I think that we should carry on thinking about how we can make this feature as good as possible. Maybe this question helps: what would your absolutely ideal way be for delta to display --word-diff
output, ignoring any implementation challenges?
Here are some more higher-level notes:
Delta already has two ways of displaying diffs: traditional, and side-by-side.
But git has a third style: what you are calling "squashed" (which seems like a good name). These are produced by git --word-diff
.
The aim of your work could be said to be two different things (which one do you think of it as?):
- To handle
git diff --word-diff
- To add the "squashed diff" style to delta.

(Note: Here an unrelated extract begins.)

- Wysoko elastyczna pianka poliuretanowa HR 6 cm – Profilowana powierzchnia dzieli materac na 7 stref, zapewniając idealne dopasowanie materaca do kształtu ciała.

If the aim is (2), there is a totally different approach we could take: we could forget about git diff --word-diff
entirely, adding an entry like this to the README:
delta does not support
git --word-diff
output. If you want this style of diff, use delta'ssquashed
option (or whatever it would be called).
Then you would add to delta the ability to squash the minus and plus lines into a single squashed line. That way the lines would already be syntax highlighted, you wouldn't have to worry about parsing/recognizing any weird git output containing [-
etc, and you could focus on how to style the removed and added parts of the squashed line.

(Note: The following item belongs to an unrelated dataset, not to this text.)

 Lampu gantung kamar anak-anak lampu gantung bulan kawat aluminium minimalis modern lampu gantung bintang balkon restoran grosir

In contrast, what we're talking about above is (1): i.e. having git do the squashing and delta learning how to parse and style that style of output.

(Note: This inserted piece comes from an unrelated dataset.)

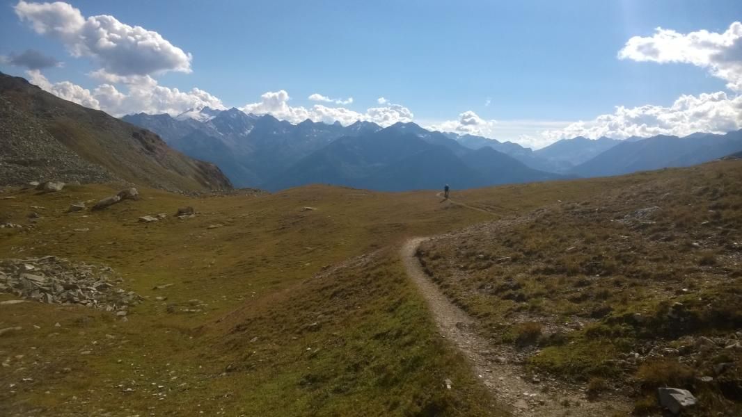 das folgende wegstück über den WEISMATTEN-pass ist auf der karte mal wieder schlecht dargestellt. auch achims beschreibung ist irreführend. ab ranzola nach süden auf dem WW 3a/3b, dann folgt ein gegenanstieg 200 hm an steilem hang, der fast steigartig in eine felsscharte führt, um ebenfalls schiebend bergab (ca.45 min) bis zur alm pra bianco, 2030 m auszulaufen.

If we are doing (1) then one thing that worries me is how will you handle someone using git diff --word-diff=color
? There the git output does not contain the [-
and {+
markers; instead removed and added material is indicated by color alone. Here's an example of that:
and for comparison here's normal git diff --word-diff
:
Perhaps we ignore the [-
and {+
markers and do the whole thing by recognizing the red and green colors in the raw git output? (And strip the [-
and {+
markers if they are present). And perhaps you could actually syntax highlight everything: red and green tells you what is removed and what is added, so you could reconstruct the original code, and send it to the syntax highlighter, and then reassemble it into a single squashed line, with the desired (background color) styling.
I think this gets back to my question above: in an ideal world, if we could just ask for any implementation of this and get it with no work, what would we ask for?
cc @th1000s just in case you have any thoughts: the topic here is git's --word-diff
output format, which merges sections of added and removed content together on a single line.
It seems to me that there are two related objectives:
(a) Handle git diff --word-diff
output from git
(b) Design how delta should visually present added and removed content together in a single "squashed diff" line
So far we have been talking as if the new feature would do (a) and (b) so that a user who enters git diff --word-diff
or git diff --word-diff
will get the single-line squashed output from delta, and this would be the only way to get single-line squashed diff output from delta.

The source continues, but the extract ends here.